Restate word for word the lines of the records below, starting at the line that contains "Monet, кафе по" and ending at the line that contains "据悉,该校学生志愿者团队与小", with both of those lines included and nothing else.

:: Data for analysis ::

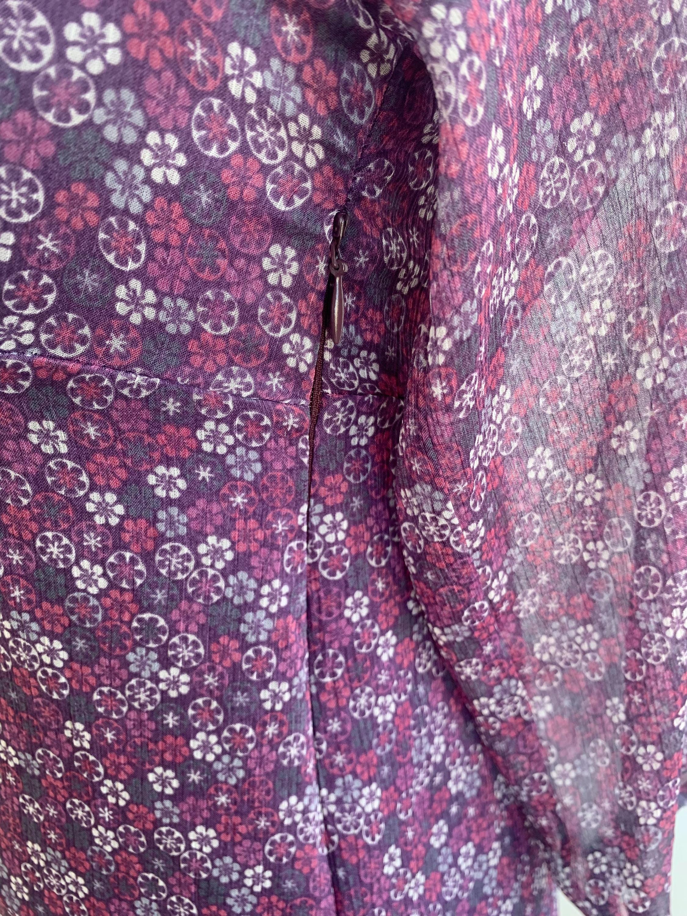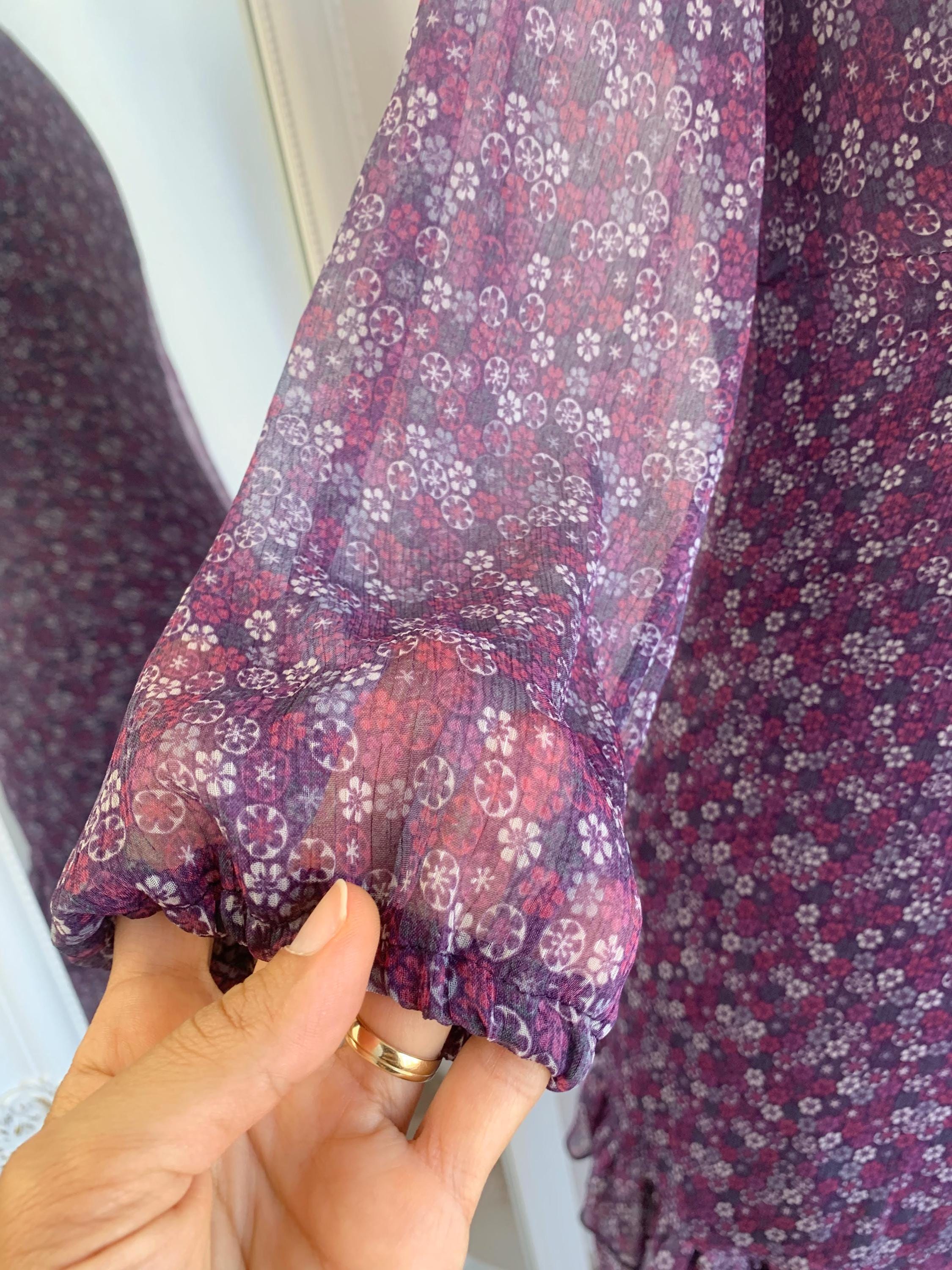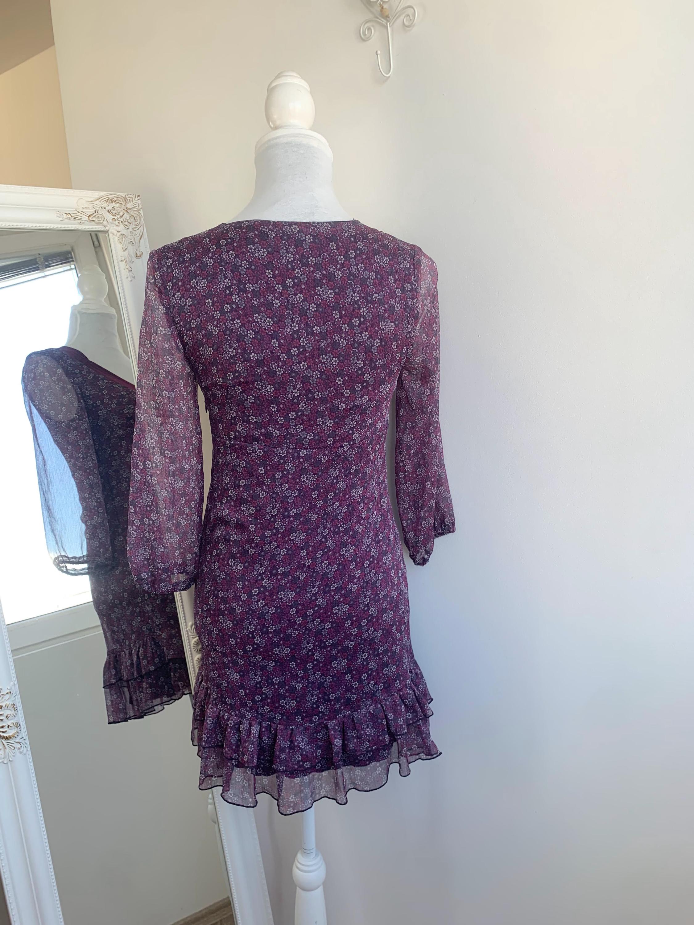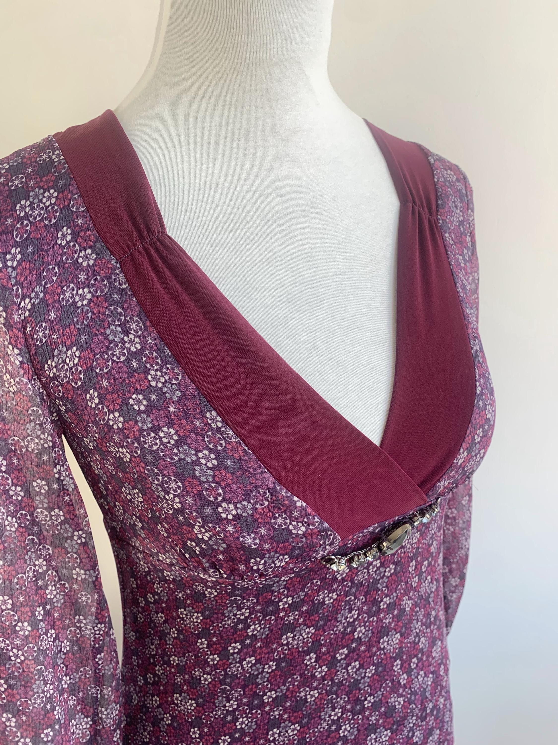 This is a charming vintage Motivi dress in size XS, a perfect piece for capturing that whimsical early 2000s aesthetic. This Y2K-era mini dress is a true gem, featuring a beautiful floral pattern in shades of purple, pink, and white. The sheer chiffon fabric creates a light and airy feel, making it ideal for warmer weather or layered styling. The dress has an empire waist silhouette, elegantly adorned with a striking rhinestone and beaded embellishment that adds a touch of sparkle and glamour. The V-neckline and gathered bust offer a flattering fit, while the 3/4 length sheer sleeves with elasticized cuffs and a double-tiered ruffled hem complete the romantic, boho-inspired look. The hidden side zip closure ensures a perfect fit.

:::
:: Data for analysis ::

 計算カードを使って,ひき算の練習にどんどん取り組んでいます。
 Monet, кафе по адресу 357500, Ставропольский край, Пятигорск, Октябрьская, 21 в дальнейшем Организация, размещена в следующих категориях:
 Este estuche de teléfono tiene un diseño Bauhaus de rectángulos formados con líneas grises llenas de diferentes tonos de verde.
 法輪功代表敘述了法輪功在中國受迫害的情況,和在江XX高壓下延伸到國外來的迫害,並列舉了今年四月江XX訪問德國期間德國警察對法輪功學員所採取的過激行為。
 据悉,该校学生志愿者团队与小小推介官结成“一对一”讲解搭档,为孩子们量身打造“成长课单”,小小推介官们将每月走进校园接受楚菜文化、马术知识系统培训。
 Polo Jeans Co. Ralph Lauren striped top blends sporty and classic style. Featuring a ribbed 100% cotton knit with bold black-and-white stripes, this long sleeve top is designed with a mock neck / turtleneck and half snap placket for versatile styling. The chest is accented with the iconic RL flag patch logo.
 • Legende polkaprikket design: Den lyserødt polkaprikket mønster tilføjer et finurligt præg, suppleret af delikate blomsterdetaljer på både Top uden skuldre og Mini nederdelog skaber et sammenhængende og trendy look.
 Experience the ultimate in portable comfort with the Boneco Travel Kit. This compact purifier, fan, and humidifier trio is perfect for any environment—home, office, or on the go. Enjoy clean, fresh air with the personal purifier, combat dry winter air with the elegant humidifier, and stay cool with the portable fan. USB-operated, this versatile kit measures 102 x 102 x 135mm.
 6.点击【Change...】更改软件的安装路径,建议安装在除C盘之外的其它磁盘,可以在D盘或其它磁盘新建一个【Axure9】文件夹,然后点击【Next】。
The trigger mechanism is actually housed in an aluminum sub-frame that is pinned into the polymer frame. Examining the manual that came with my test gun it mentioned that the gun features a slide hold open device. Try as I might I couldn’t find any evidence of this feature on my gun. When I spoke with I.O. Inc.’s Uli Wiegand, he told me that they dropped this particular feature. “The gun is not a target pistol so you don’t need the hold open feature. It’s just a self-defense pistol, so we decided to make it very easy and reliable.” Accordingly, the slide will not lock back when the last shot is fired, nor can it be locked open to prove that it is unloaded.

:::

• **Your response**:
 Monet, кафе по адресу 357500, Ставропольский край, Пятигорск, Октябрьская, 21 в дальнейшем Организация, размещена в следующих категориях:
 Este estuche de teléfono tiene un diseño Bauhaus de rectángulos formados con líneas grises llenas de diferentes tonos de verde.
 法輪功代表敘述了法輪功在中國受迫害的情況,和在江XX高壓下延伸到國外來的迫害,並列舉了今年四月江XX訪問德國期間德國警察對法輪功學員所採取的過激行為。
 据悉,该校学生志愿者团队与小小推介官结成“一对一”讲解搭档,为孩子们量身打造“成长课单”,小小推介官们将每月走进校园接受楚菜文化、马术知识系统培训。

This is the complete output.